We argue that these claims are premature. It is possible that infants' general attention to social behaviors 
increases covert attention to actors and to events that follow. Thus gaze following should be prominent after any 
social cue that heightens attention to the actor and his/her subsequent referential actions, including both ostens- 
ive cues and other attention-grabbing actions that do not conventionally serve a communicative purpose. In 
summary, the central divider between these two theories, natural pedagogy and attention modulation, is whether 
ostensive cues hold a unique contract on heightened responsiveness. 

Several researchers have demonstrated infants' early sensitivity to an actor's head and eye movement that can 
lead to gaze following. Farroni, Johnson, Brockbank, and Simion 4 claimed that four- to five-month olds' attention 
can be cued by the perceived model's motion (either her eyes or her head) toward a target rather than by the final 
direction of eye gaze.
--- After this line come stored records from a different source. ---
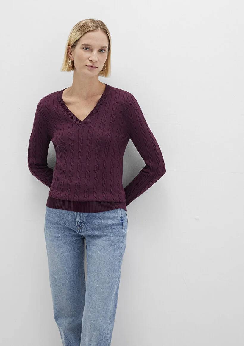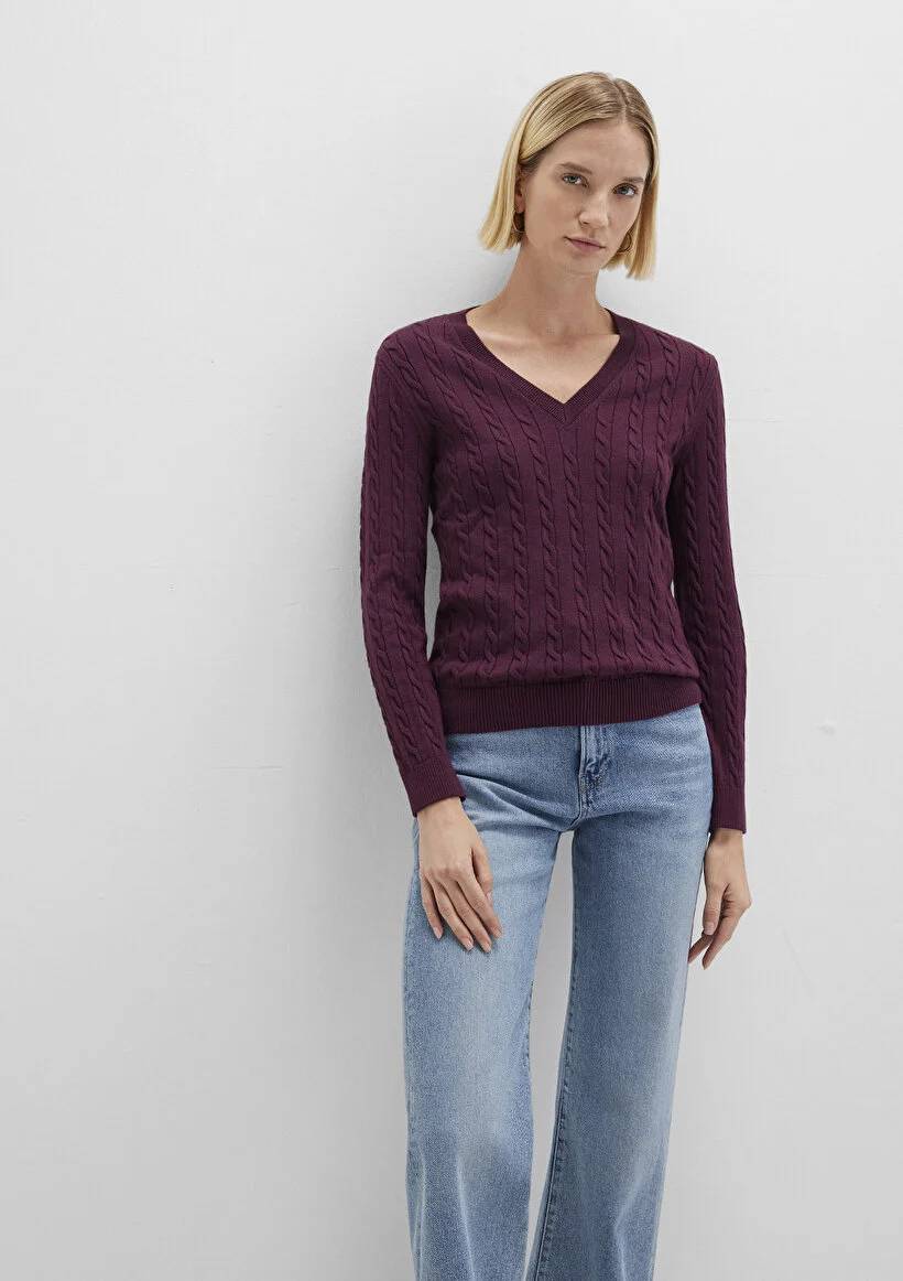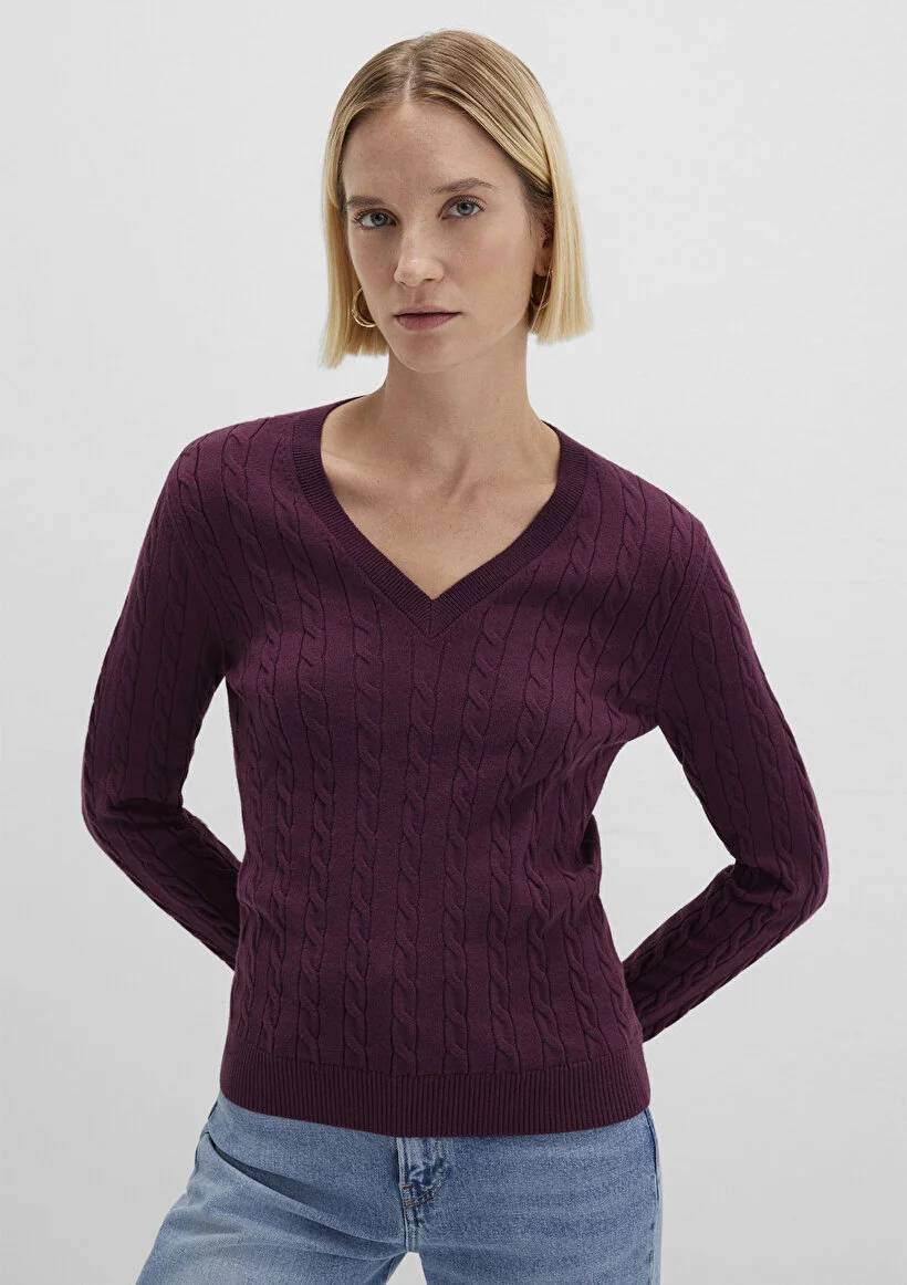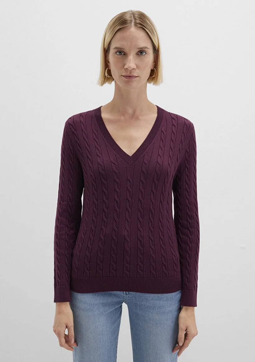 26K134000813_134M03 M1710340-87830 Mavi V Yaka Kadın Kazak
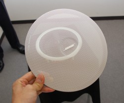 本機は同社初のエンクロージャーレス筐体採用の天井埋め込み型スピーカー。独自の“Stereo Everywhere”技術を採用し、どのリスニングエリアでも均一なステレオ再生音場を実現した点が特徴となる。
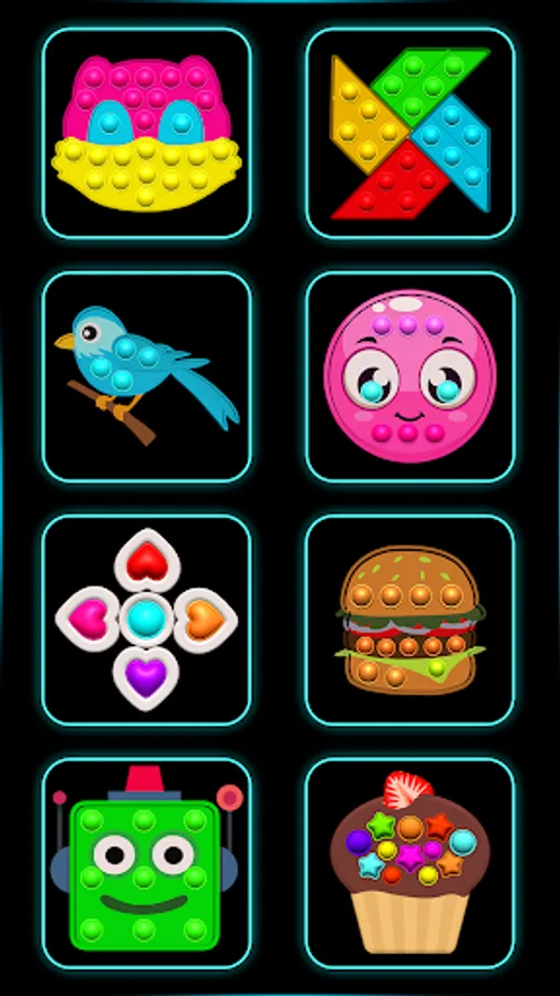 Fantastic shapes and glow designs like rainbow heart,connect alphabet Lore,simple dimple pop and unicorn pops.
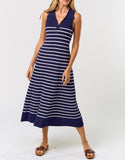 Get ready to set sail in style with our Mariner Chic Maxi Sleeveless Sweater Dress! This dress combines the comfort of a sweater with the elegance of a maxi dress, perfect for any occasion. Stay chic and cozy all day long with this unique and versatile piece. Anchors away!
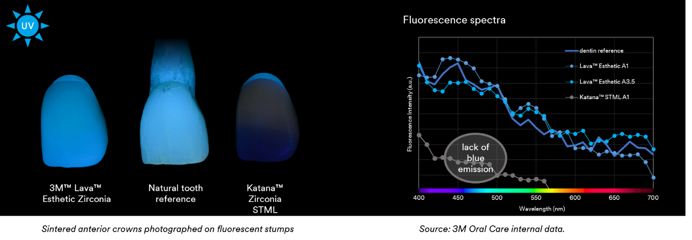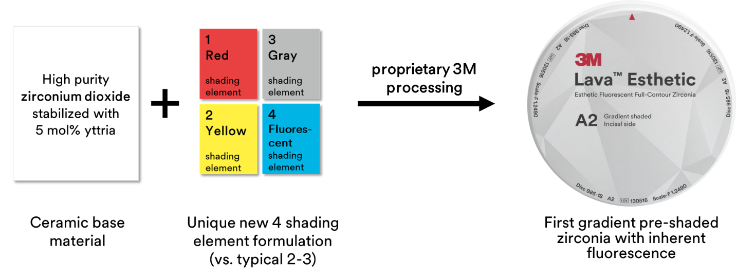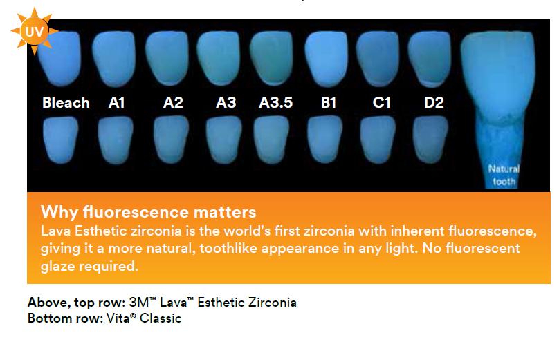 3M™ Lava™ Esthetic Fluorescent Full-Contour Zirconia is a new gradient pre-shaded cubic zirconia disc featuring a one-of-a-kind new shading technology: With its unique four shading elements formulation, it is the first pre-shaded zirconia offering inherent fluorescence for all shades. With the new shading technology employed, the color gradients built into Lava Esthetic zirconia truly match the VITA® Classic shades enabling you to produce highly esthetic full contour restorations.
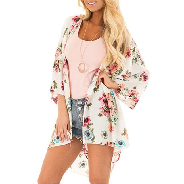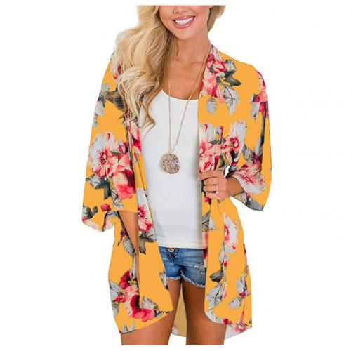 Women Floral Leopard Print Half Sleeve Shawl Chiffon Kimono
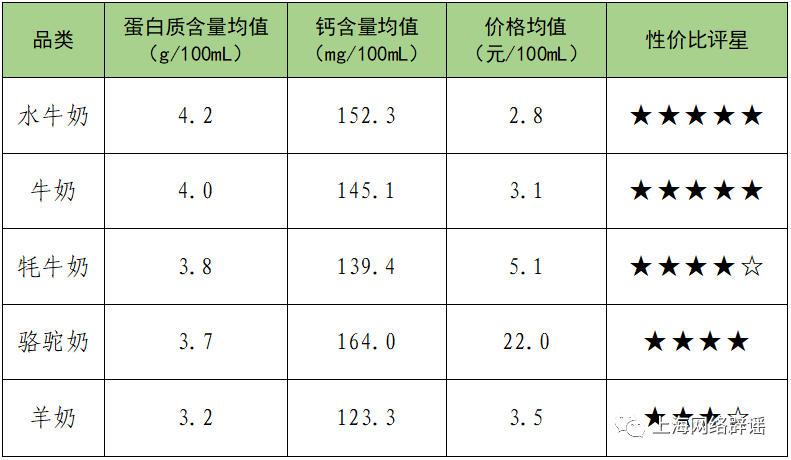 综合价格来看,水牛奶和牛奶的性价比最高。

However, these experiments included a direct gaze toward the infant by the actor before the 
movement, a possible "ostensive cue" that could have contributed to the gaze following. Similarly, Moore, 
Angelopoulos, and Bennett 5 claimed that the movement associated with gaze reorientation, in contrast to a static 
orientation toward the side, is crucial in establishing gaze following in infants. However before the experimenter 
turned his head and eyes toward an object, he engaged in a face-to face interaction with the infant, another 
potential "ostensive cue". Thus, neither of these previous studies can tease apart whether movement cues alone 
can elicit gaze following without the presence of direct eye gaze to the infant. 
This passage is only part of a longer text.